Below are entries. Copy exactly the lines running from the line that holds "A significant overhang" to the line that holds "第三,黄金小时线级别:从上图", with both ends included.

DATASET CONTENT »
- - -

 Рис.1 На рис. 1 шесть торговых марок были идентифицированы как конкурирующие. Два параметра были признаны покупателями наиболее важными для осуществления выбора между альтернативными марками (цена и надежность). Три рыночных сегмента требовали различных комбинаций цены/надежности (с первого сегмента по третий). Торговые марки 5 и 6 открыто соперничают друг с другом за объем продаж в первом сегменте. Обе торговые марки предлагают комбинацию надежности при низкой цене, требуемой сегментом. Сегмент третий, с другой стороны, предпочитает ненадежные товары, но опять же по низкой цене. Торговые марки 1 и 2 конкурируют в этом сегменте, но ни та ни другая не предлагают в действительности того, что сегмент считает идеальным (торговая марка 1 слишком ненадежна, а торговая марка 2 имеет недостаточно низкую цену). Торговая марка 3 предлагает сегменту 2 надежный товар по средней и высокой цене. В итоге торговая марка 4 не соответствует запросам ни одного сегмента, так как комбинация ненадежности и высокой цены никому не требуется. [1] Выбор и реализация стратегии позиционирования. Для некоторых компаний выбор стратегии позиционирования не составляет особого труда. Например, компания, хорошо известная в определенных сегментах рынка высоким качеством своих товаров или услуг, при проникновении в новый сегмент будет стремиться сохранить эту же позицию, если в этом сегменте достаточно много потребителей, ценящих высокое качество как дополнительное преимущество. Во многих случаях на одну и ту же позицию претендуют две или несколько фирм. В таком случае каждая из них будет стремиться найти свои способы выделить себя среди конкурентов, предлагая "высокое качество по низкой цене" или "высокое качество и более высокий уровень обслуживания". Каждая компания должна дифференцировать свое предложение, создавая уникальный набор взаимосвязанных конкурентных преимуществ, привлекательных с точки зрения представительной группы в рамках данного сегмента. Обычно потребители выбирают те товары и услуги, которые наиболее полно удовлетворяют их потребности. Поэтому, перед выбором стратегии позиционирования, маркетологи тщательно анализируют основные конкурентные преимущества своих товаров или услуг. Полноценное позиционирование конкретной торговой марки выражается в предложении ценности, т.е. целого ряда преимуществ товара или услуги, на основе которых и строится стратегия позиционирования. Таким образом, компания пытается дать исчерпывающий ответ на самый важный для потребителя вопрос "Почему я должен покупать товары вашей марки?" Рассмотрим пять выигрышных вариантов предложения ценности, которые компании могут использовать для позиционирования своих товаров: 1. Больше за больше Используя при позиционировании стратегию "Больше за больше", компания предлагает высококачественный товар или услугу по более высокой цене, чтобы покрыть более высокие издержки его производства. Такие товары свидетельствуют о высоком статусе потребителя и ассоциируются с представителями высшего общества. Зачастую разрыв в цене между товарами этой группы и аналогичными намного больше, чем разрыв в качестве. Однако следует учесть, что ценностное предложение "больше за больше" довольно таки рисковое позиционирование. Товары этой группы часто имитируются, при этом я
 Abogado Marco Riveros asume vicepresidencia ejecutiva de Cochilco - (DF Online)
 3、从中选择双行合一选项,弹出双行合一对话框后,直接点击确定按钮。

- - -

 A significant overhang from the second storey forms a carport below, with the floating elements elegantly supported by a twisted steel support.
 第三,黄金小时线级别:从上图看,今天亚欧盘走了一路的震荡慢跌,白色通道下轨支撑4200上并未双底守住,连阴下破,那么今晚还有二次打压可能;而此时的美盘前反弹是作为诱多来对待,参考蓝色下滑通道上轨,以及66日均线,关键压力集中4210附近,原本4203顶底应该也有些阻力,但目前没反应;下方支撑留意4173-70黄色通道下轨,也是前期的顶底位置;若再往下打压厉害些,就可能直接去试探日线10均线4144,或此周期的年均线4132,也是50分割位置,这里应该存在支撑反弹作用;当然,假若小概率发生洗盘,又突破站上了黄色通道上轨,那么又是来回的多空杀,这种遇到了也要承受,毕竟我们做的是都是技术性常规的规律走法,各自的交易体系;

- - -

FINISHED EXERCISE »
 A significant overhang from the second storey forms a carport below, with the floating elements elegantly supported by a twisted steel support.
 第三,黄金小时线级别:从上图看,今天亚欧盘走了一路的震荡慢跌,白色通道下轨支撑4200上并未双底守住,连阴下破,那么今晚还有二次打压可能;而此时的美盘前反弹是作为诱多来对待,参考蓝色下滑通道上轨,以及66日均线,关键压力集中4210附近,原本4203顶底应该也有些阻力,但目前没反应;下方支撑留意4173-70黄色通道下轨,也是前期的顶底位置;若再往下打压厉害些,就可能直接去试探日线10均线4144,或此周期的年均线4132,也是50分割位置,这里应该存在支撑反弹作用;当然,假若小概率发生洗盘,又突破站上了黄色通道上轨,那么又是来回的多空杀,这种遇到了也要承受,毕竟我们做的是都是技术性常规的规律走法,各自的交易体系;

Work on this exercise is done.